Exercise objective >> Having located "跨境新品电锤用针式花锤除锈去毛刺混凝土凿毛工具Needle Scaler" in the listing below, write out its line and every following line exactly, last line included, without the pictures.
Input data: Begin
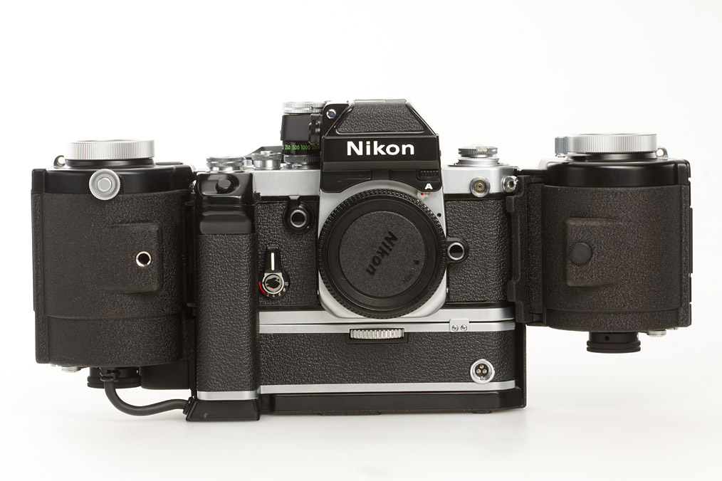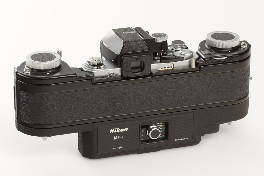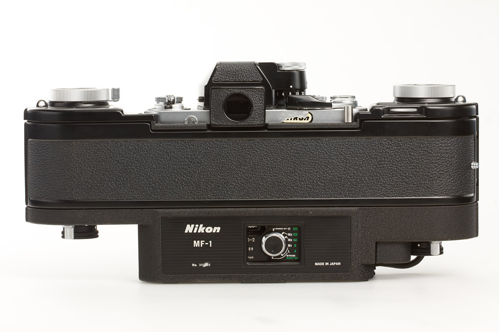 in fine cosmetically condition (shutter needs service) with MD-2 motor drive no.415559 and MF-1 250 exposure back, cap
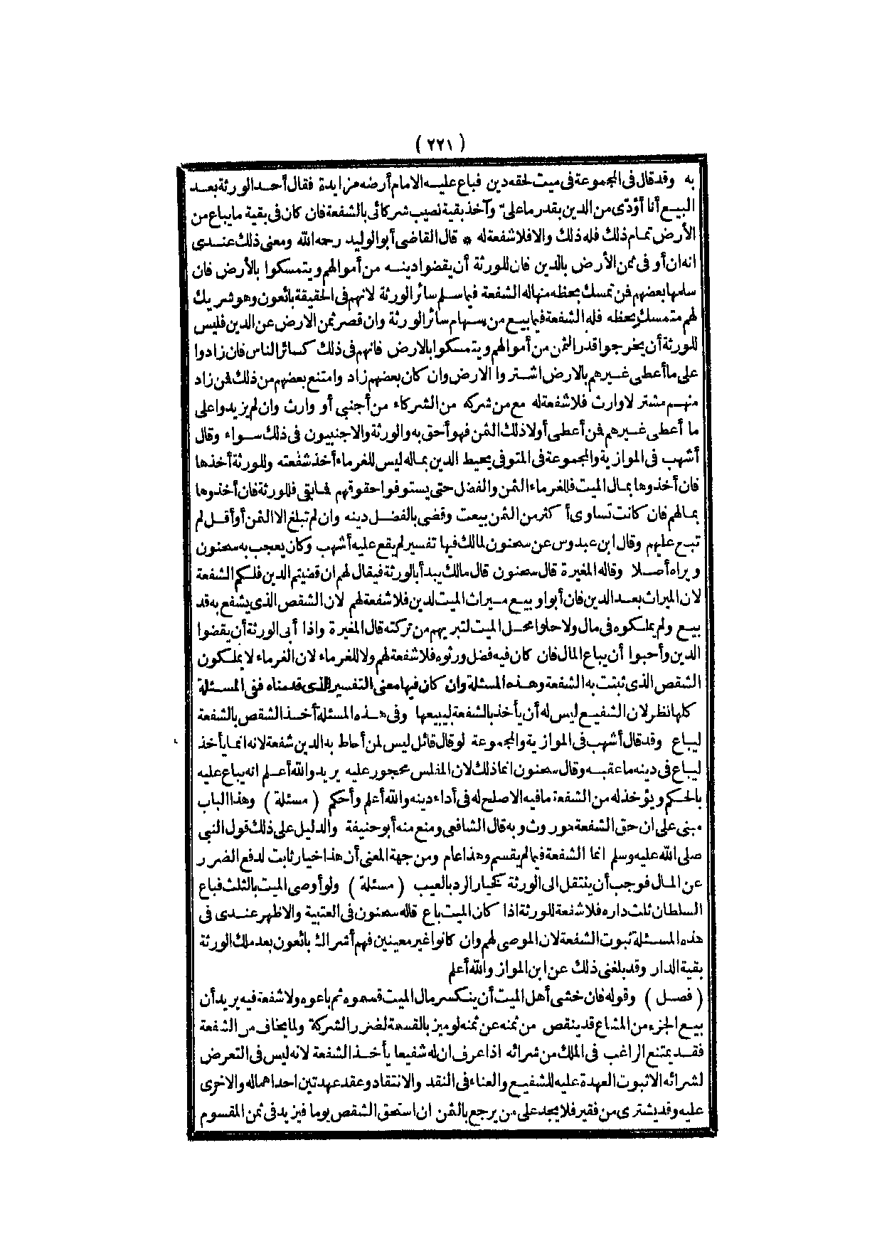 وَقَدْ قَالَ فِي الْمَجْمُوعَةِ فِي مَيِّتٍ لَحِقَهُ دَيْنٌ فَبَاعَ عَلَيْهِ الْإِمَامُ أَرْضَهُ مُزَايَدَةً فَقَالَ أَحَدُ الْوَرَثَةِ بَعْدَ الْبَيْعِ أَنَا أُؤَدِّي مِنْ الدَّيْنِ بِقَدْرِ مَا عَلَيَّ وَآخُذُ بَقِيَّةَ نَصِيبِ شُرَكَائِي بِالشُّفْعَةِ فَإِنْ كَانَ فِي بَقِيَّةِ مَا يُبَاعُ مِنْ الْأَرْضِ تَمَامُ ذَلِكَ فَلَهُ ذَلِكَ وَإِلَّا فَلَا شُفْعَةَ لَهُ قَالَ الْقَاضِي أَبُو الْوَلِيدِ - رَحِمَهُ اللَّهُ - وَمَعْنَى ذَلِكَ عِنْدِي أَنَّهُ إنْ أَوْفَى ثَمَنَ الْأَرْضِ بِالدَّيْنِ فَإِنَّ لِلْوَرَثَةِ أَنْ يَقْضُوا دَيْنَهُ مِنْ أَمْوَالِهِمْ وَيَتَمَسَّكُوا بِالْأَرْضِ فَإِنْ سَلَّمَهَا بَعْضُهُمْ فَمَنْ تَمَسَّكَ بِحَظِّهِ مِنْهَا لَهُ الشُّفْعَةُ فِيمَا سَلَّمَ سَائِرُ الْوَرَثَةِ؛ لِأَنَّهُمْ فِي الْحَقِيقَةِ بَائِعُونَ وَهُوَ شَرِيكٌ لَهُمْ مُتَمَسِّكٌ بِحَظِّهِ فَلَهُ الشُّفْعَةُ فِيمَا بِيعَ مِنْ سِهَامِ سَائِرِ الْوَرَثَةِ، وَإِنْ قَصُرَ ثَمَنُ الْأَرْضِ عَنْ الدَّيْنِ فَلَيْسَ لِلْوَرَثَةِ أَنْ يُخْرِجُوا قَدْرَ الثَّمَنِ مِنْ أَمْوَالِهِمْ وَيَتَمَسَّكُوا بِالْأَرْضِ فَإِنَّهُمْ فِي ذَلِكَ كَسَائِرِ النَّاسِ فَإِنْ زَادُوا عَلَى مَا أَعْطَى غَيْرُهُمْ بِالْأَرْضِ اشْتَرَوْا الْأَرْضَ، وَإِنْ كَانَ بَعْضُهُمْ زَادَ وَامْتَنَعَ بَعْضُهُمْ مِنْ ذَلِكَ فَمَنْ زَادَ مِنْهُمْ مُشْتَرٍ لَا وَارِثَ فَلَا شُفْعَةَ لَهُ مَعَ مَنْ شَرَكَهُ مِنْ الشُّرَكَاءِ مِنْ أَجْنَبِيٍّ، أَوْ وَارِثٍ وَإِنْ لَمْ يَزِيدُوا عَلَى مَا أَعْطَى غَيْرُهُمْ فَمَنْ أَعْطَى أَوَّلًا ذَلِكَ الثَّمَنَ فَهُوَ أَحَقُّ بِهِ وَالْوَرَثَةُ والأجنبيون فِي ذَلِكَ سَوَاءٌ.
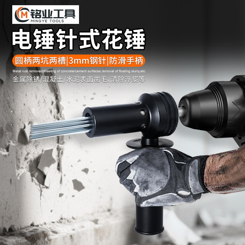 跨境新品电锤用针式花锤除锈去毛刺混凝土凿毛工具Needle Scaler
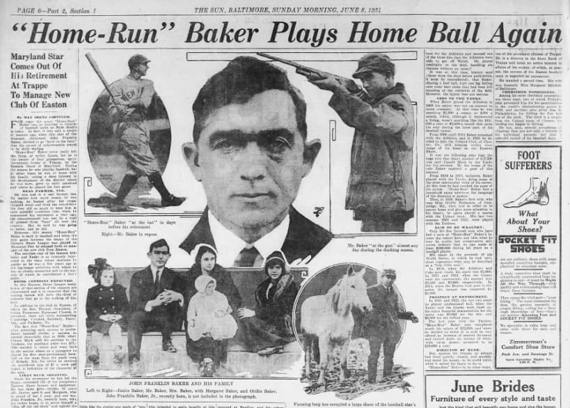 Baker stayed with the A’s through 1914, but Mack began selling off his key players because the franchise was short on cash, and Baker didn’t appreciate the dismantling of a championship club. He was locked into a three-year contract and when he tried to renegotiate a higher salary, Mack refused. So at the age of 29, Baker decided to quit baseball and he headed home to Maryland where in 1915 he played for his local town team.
Input data: End
Reply >>
 跨境新品电锤用针式花锤除锈去毛刺混凝土凿毛工具Needle Scaler
 Baker stayed with the A’s through 1914, but Mack began selling off his key players because the franchise was short on cash, and Baker didn’t appreciate the dismantling of a championship club. He was locked into a three-year contract and when he tried to renegotiate a higher salary, Mack refused. So at the age of 29, Baker decided to quit baseball and he headed home to Maryland where in 1915 he played for his local town team.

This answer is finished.